Population Density Meets The Tile Space

by Stephen Von Worley on October 3, 2011

Here’s a “behind the scenes” image that might strike you as interesting, eye candy, or perhaps both, depending upon your particular inclination and intimate knowledge of online map tiles:

U.S Map Tiles With 1,000+ Residents

Map tiles with 1,000+ residents.

That’s the contiguous United States, colored at each point by the zoom level of the smallest enclosing Google Maps tile wherein 1,000 or more people live, according to 2010 block-level Census data. Periwinkle represents zoom level 14+, navy blue 13, yellow 12, dark green 11, and so on.

The über-geek backstory? Last Friday, I told my Data Elves to get slippy – and create interactive Map X, featuring our own custom imagery, zoomable from continental down to “city core” scale, five-or-so miles across the browser window.

Eager to scope the project, the Elves grabbed an envelope, flipped it over, and made some calculations. We’d be rendering down to Google’s zoom level 14, and to cover the entire world, how many map tiles would we need to create? 357,000,000… each a 256×256 pixel image.

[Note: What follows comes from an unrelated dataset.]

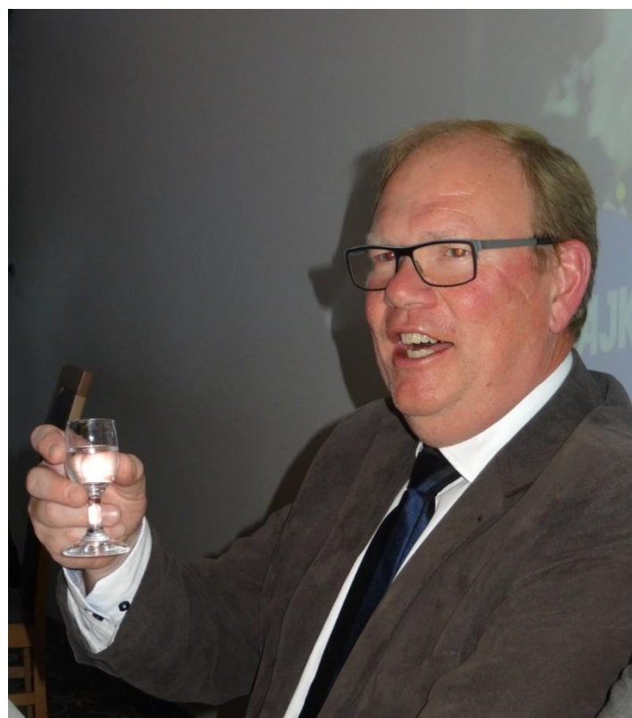
Här är det en riktig värmlandspöjk som kan ta både ton och sup.

The room buzzed with squeaky chatter about the “cloud” and FedEx-ing hard drives.

“Wait a sec,” I said, “Map X is U.S. only.” A mere 10,000,000 tiles would fill the bounding boxes of the Lower 48, Alaska, and Hawaii. Which certainly was a more manageable number, but still enough to make my compute farm sweat.

Could we do better? Yes!

Because, for the subject matter of Map X, detail correlates with population, and we could focus on the places where people live. Thus directed, the Elves mashed Census data with tile geography, applied the 1,000+ “interestingness” criteria, and the above image was born.

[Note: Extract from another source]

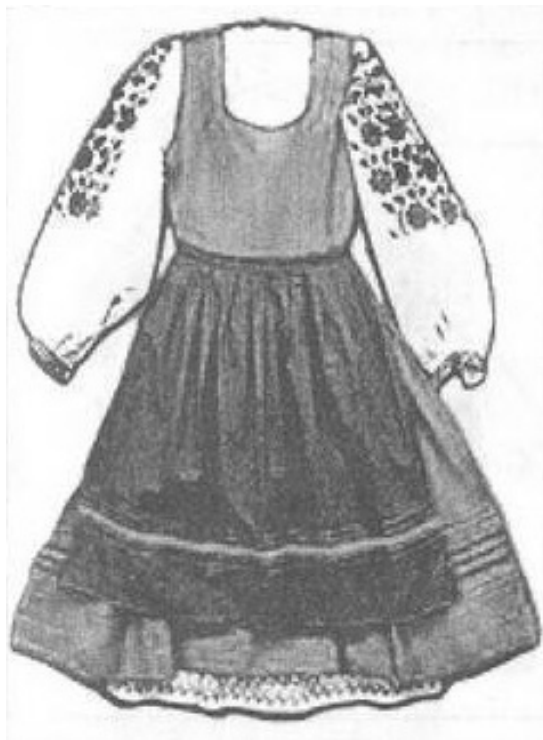
Женский костюм края, 40-е годы XX века

овчинки, сшитые с перехватом в талию и украшенные на спинных швах у пояса ярко красными шерстяными латками, вершка в два в форме червонаго туза. <...> Сверх белой рубахи с широкими рукавами надевается сарафан, по-местному – «саян» или «сподница».

My team selected the old-school color scheme to maximize contrast whilst maintaining some semblance of readability. According to them, if it dredges up any repressed 8-bit feelings – like the urge to snipe an Atari 2600 off Ebay – that’s not a bug. It’s a feature.

Finally, the Elves added some padding – five tiles horizontally and four vertically – for the sake of context and to prevent solitary areas of interest from being marooned in “no imagery available at this zoom level”:

U.S. Map Tiles With 1,000+ Residents, Padded

Map tiles with 1,000+ residents, padded.

This scheme renders everything near urban areas in full detail, while displaying the most desolate pockets of the American West at enough magnification to keep 99.44% of the three people who look out there happy. Total number of tiles: a cool 1,000,000.

The takeaway? Those crafty Elves pruned the naïve Map X render by a factor of ten, earning them their quarterly bonus: seven nights on Maui, all expenses paid. Aloha, little buddies!